I was suspecting it might be a hard could be the real cause of the problem too.

I am not really sure of the best tool to check it with - it is a solid state SSD card type of drive.

Do you have advice on a good tool to check the SSD drive with?

Because the current SSD solid state drive in the laptop is only 256 MB, I have ordered a 1TB replacement. It should arrive in a few days.

So if I do a bare metal restore onto the new drive it should indicate if it was the original 256MB drive or not.

Also, because I could not seem to detect the 2nd 2.5" 1TB drive (which I have removed from the laptop, along with the connecting cable), I wondered if it could be an intermittent problem on the motherboard.

I put the 2.5" 1TB second hard disk into a USB enclosure last night, and it seems to work okay when connected

I hope it is not the motherboard, or that will be more hardware to buy and replace - but I will find out I guess.

I will update this post when I have had the new drive in the laptop anyway.

Thanks
Brad

Hi Basil_Cat.

the current kernel is 4.15.0-180

I did already try booting from the older kernel 4.15.0-177, (the only earlier one that is still on the system.

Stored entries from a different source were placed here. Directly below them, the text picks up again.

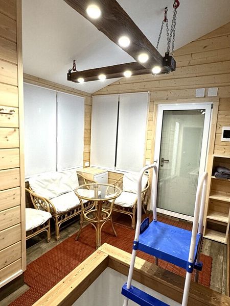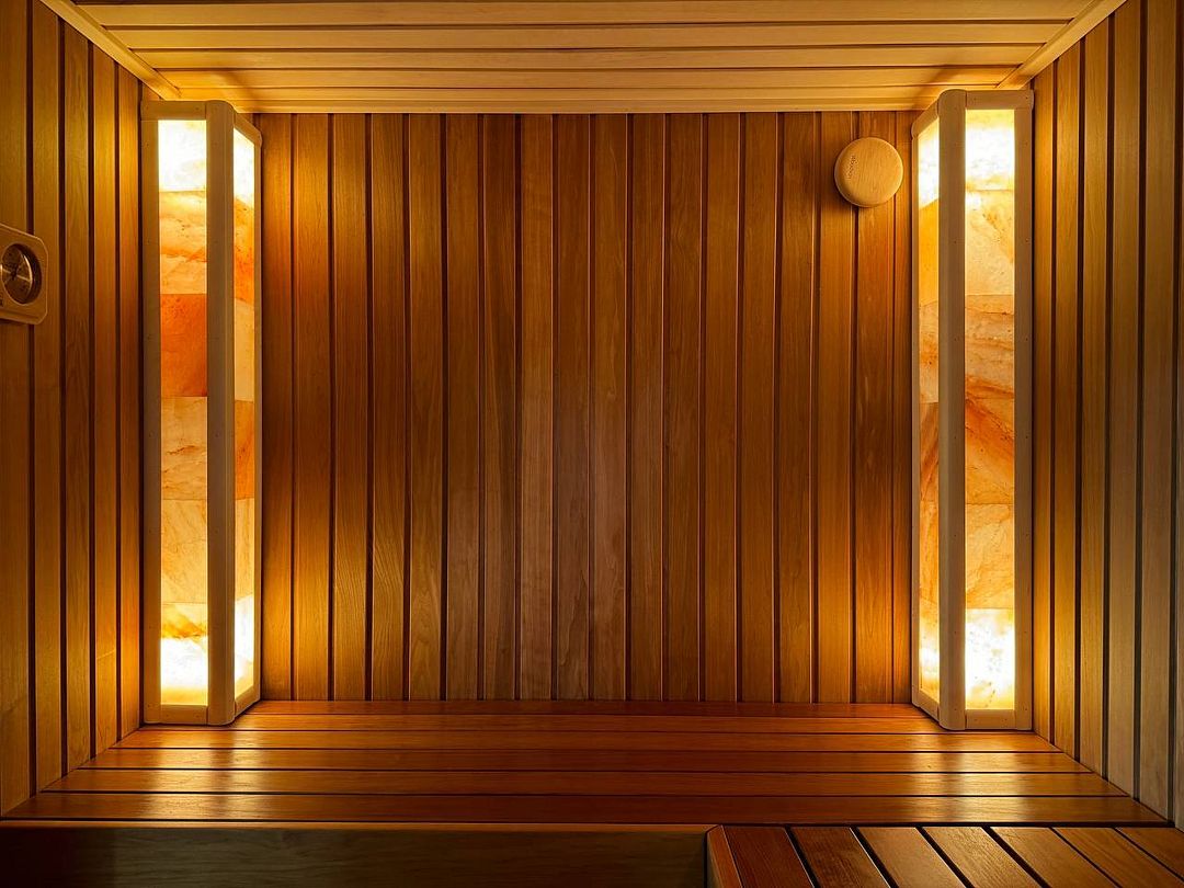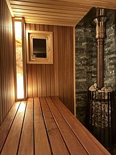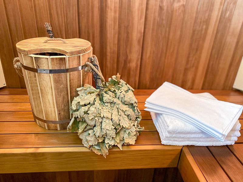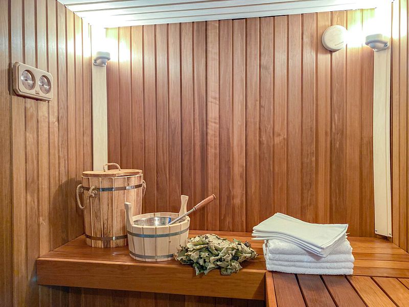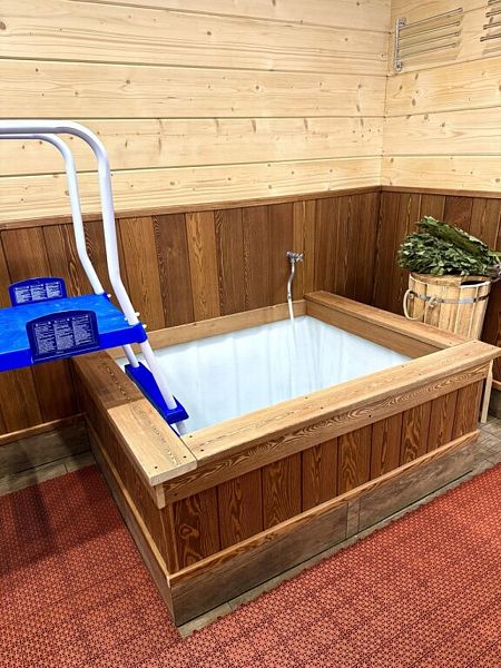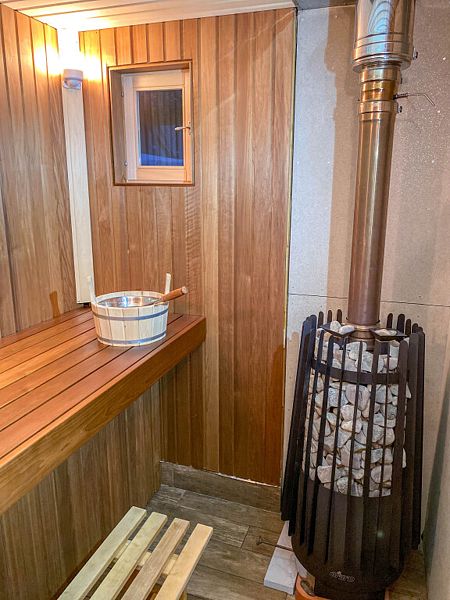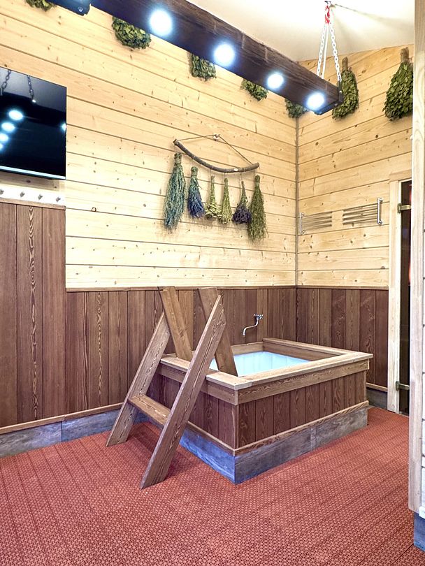 Инфраструктура: купель, полотенца, простыни, шапочки, обливное ведро, душАтмосферная парилка со светильниками из гималайской соли, которые не только создают волшебную атмосферу, но и очень полезны. Дровяная печь с мелкодисперсным паром, а еще она умеет петь, издавая звук вьюги, когда подливаешь воду. Баня может работать в двух режимах (сухая финская сауна и русская влажная баня).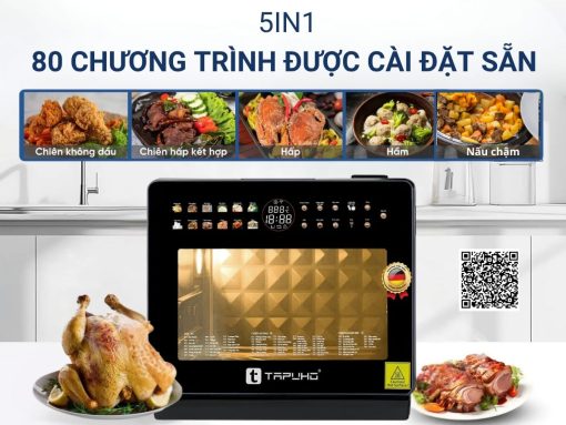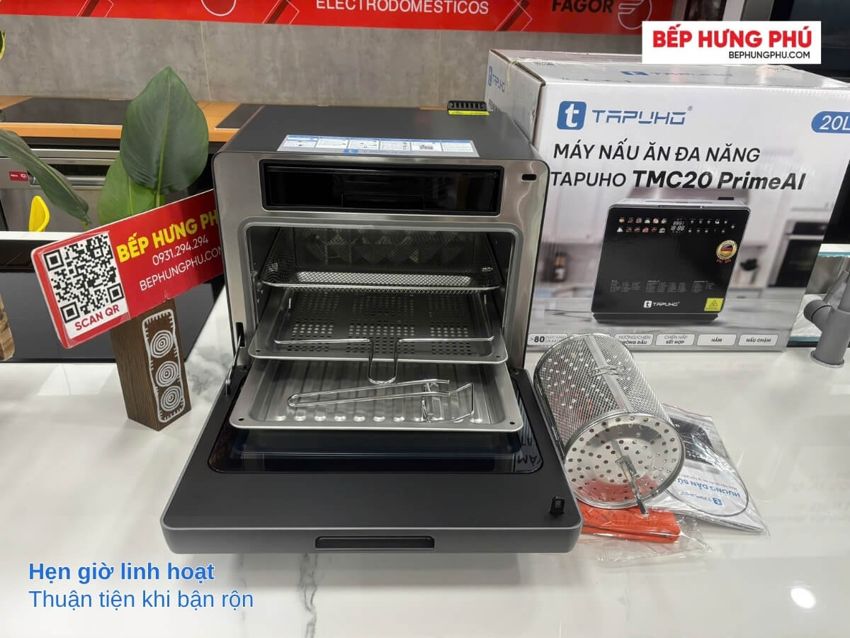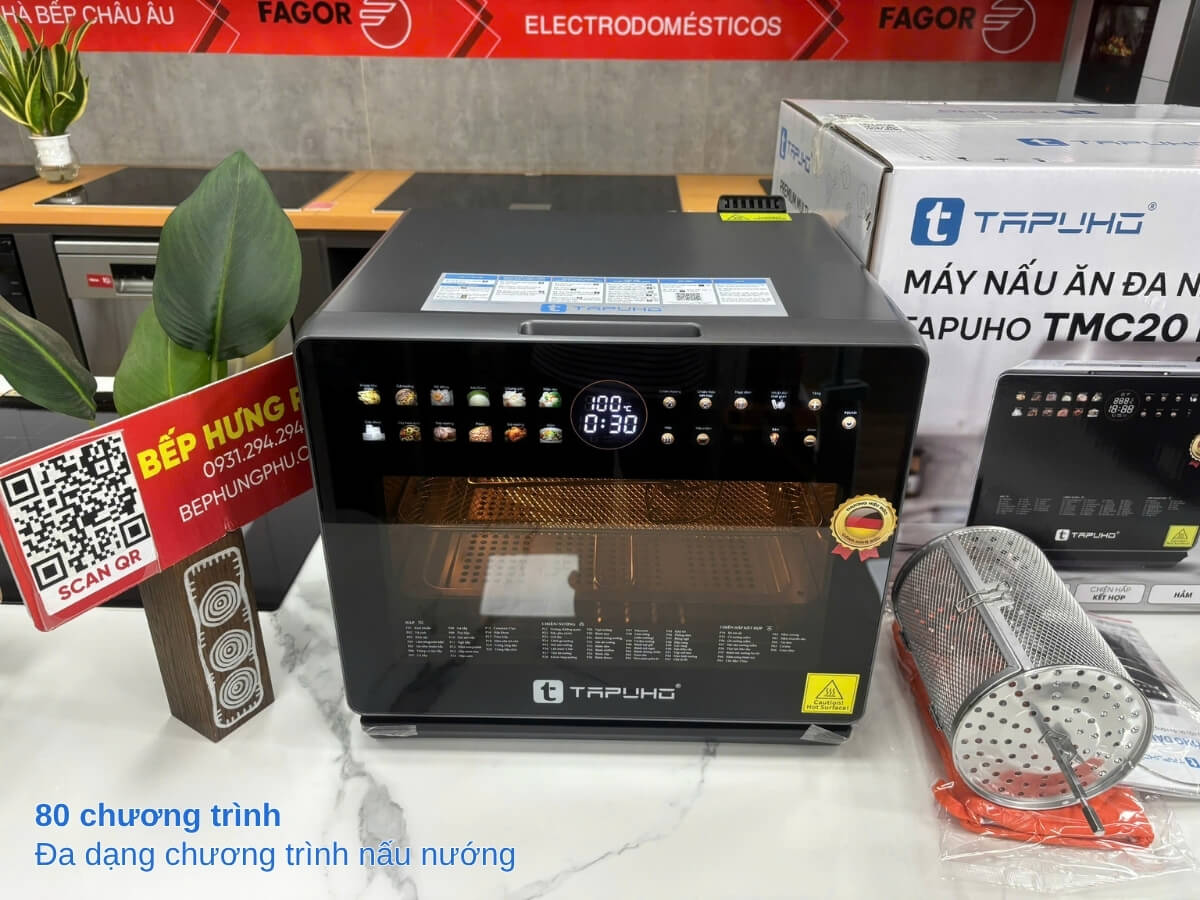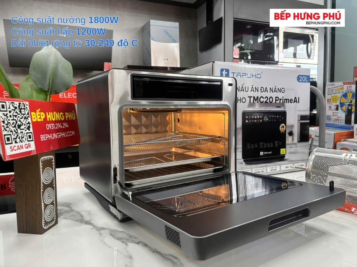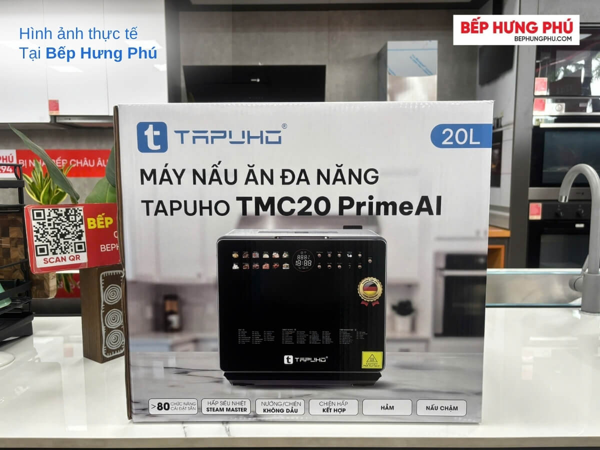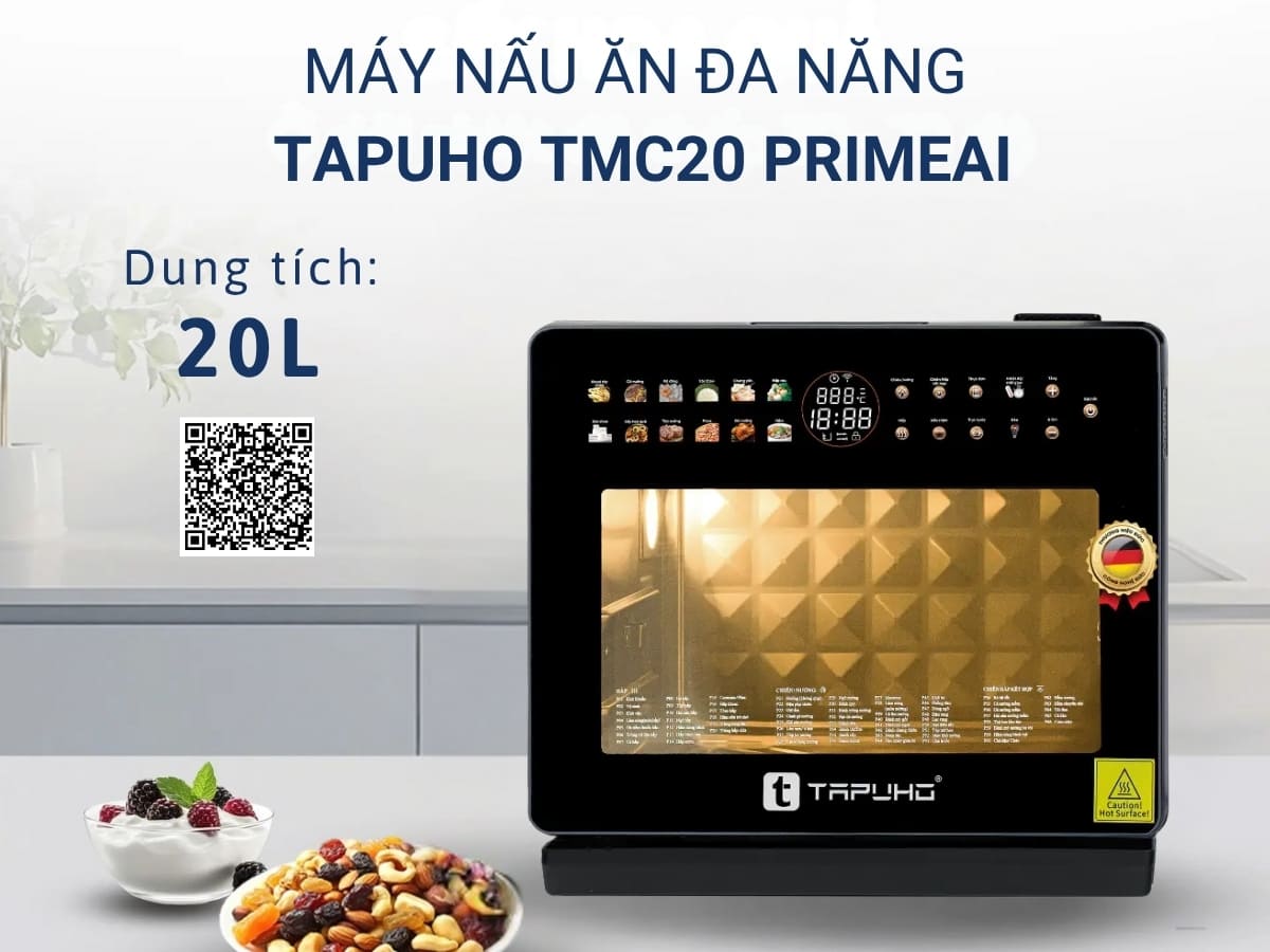 Máy nấu ăn đa năng Tapuho TMC20 PrimeAI là bước tiến lớn trong công nghệ nấu ăn, một phiên bản nâng cấp toàn diện, kế thừa thành công của các model đi trước. Với dung tích 20 lít, sản phẩm tích hợp những công nghệ độc quyền và hệ thống điều khiển cảm ứng 100% thông minh. Hội tụ 5 chức năng chính: Chiên không dầu – Hấp – Chiên hơi nước kết hợp – Hầm – Nấu chậm, cùng menu hơn 80 chương trình cài đặt sẵn, TMC20 PrimeAI sẵn sàng trở thành trợ lý đắc lực, đáp ứng mọi nhu cầu sáng tạo ẩm thực của gia đình Việt.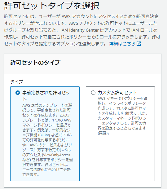 IAM ポリシーを 1 つ以上、複数の AWS アカウント にデプロイすることができるテンプレートのことです。 許可セットを AWS アカウント に割り当てると、IAM アイデンティティセンターが IAM ロールを作成し、IAM ポリシーをそのロールにアタッチします。

I get the same problem with the older kernel.

Thanks
Brad

Hi Brad,

No, unfortunately I am not familiar with any hardware level SSD tools. But if this would happen to me I would temporarily replace the SSD with another boot device in the same socket ( I presume that the 'card type' is an M2 slot ?) and try to run with that. That would definitely tell me if it was the motherboard or the storage device.

To be honest , after reading your logs again, it could indeed be the motherboard. I remember I had identical intermittent bootproblems with my previous motherboard due to a failing capacitor in the power-on-reset circuit. It took me some time to figure that out.